Егоркины отцы, или Смерть Лены

      Пузцо кошмарека болталось поверх резинки трикушек и было похоже на презерватив, наполненный водой. Пузцо вызывало в памяти слово «гондон» и желание выкинуть этот гондон вместе со всем его содержимым в унитаз и поскорее смыть.   
    Этот кошмарек с пузцом стал сниться Уллюкаеву регулярно. Примерно раз в две-три недели. Кошмарек был не страшный и словом «кошмар» его никак нельзя было назвать. Иногда вместе с пузцом снилось само слово «кошмарек». Не «кошмарик», как было бы правильно, а через «е» – «кошмарек»…

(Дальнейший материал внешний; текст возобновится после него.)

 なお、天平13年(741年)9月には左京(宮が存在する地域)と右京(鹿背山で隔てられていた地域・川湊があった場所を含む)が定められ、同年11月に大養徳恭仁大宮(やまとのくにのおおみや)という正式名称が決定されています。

    Слово «кошмарек» каждый раз имело какой-то новый облик, деталями не запоминающийся, но всегда пугающий буквой «е» вместо «и». Впрочем, объяснение этой «е» имелось в реальности.
    Все началось лет двадцать пять назад. И до поры дремало. А полтора года назад проснулось. Уллюкаева вычислила его древняя подруга Лена. Когда-то, в конце восьмидесятых, когда со спиртным была страшная напряженка из-за проходившей в те годы борьбы с пьянством, Уллюкаев, нередко, иногда с друзьями, заруливал к Лене, у которой всегда было что выпить.  

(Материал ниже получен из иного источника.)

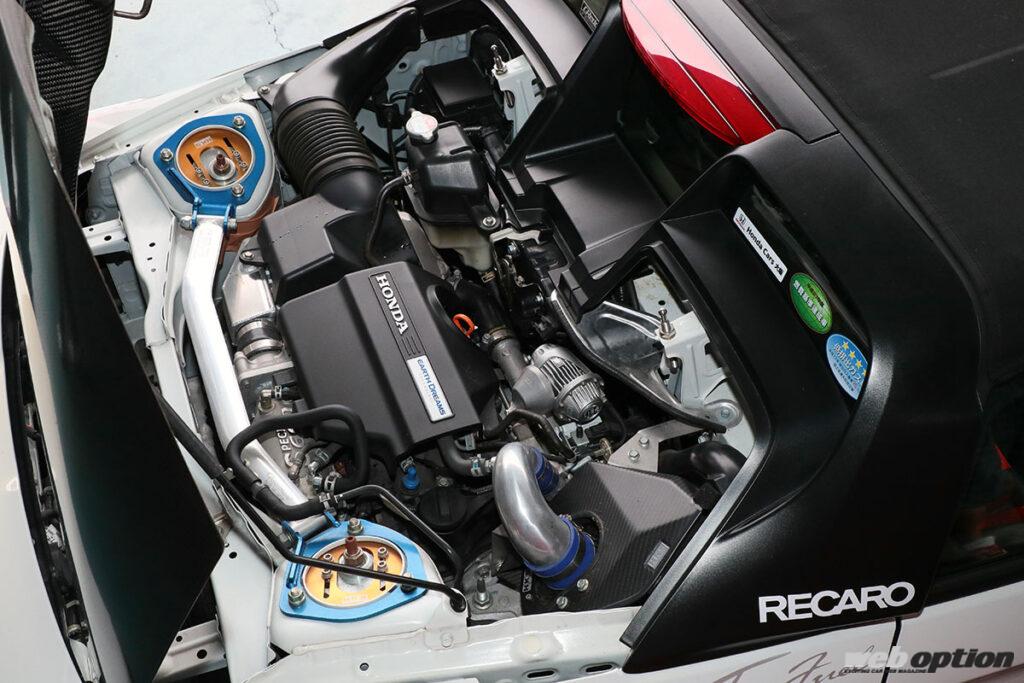 当初は長く乗るためにノーマルを貫くつもりだったが、やはり変化が欲しくなりチューニングを開始。ルックスはS660らしいスピードスタイルを表現すべく、イエローのボディに映えるレッドのアクセントラインをあしらった。注目はエンジンの放熱性にも拘ったアグレッシブなデザインのBYSリヤバンパー。シルクブレイズの大型リヤウイングと相まって、唯一無二といえる迫力を放っている。

    Лена работала библиотекарем и неплохо знала русскую и мировую литературу. Эти знания совершенно не мешали ей гнать самогон. Но никогда она не угощала гостей самогоном. Лена делала настойки. Вишневые, малиновее, смородиновые, яблочные, сливовые, все не вспомнишь. Их-то, эти настойки, Лена укрепляла самогоном, который, как бы растворяясь во фруктово-ягодной среде приобретал ее вкус, можно сказать, облагораживался. Почти переставал быть самогоном и становился вином. Но довольно крепким – от 20 до 30 градусов. Пары стаканов такого вина иногда хватало для того, чтобы превратиться из убитого унылой реальностью человечешки в непобедимого орла и прямо из квартиры Лены полететь куда-нибудь в поисках подвигов.  

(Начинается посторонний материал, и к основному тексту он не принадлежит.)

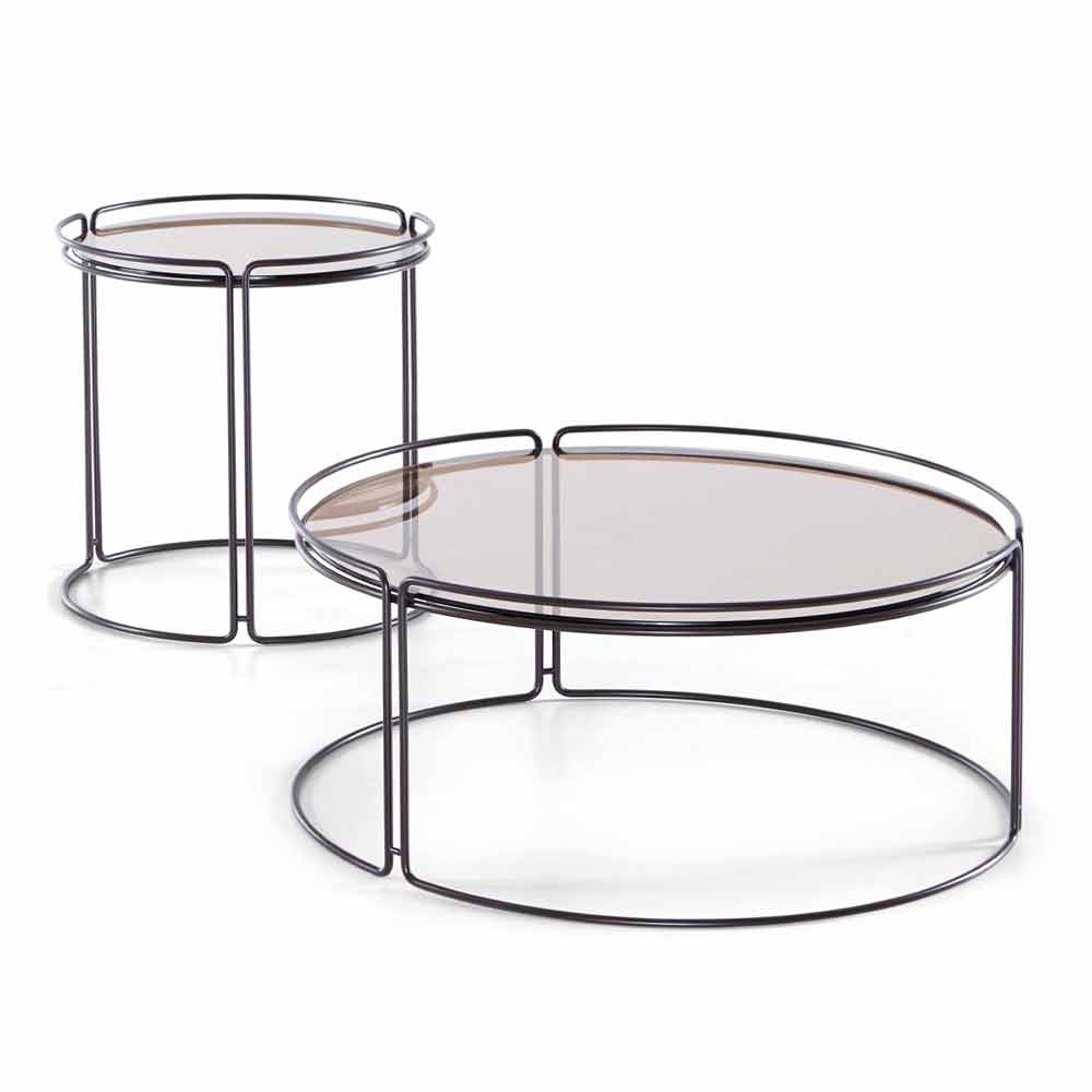 Masuta de cafea rotunda din metal cu blat din sticla Fabricat in Italia, de inalta calitate.

    У Лены был сын Егор. Егорка. Маленький мальчишка, готовый признать отцом любого из Лениных друзей. Во время застолья он обычно подходил к одному из мужчин, становился рядом и, маленький, снизу в верх, внимательно смотрел на его лицо, пытаясь поймать взгляд. Наконец поймав, спрашивал: «Можно я сяду к вам?». Естественно, никто из поддатых мужчин не говорил «Нет». Наоборот, каждый тут же сажал мальчишку на колени и порой на полчаса как бы выпадал из застолья.
    А не выпасть было нельзя. Попав на колени, Егорка сразу переходил на ты и каждого мужчину ошарашивал вопросом: «Ты будешь моим папой?». Правда, ошарашивал не сразу. Перед этим вопросом он обычно задавал два-три других. «Ты будешь еще приходить к нам в гости?», «Ты купишь мне заводную машину (конструктор, фонарик и т. д.)?». Получив положительные ответы, Егорка задавал главный, про папу.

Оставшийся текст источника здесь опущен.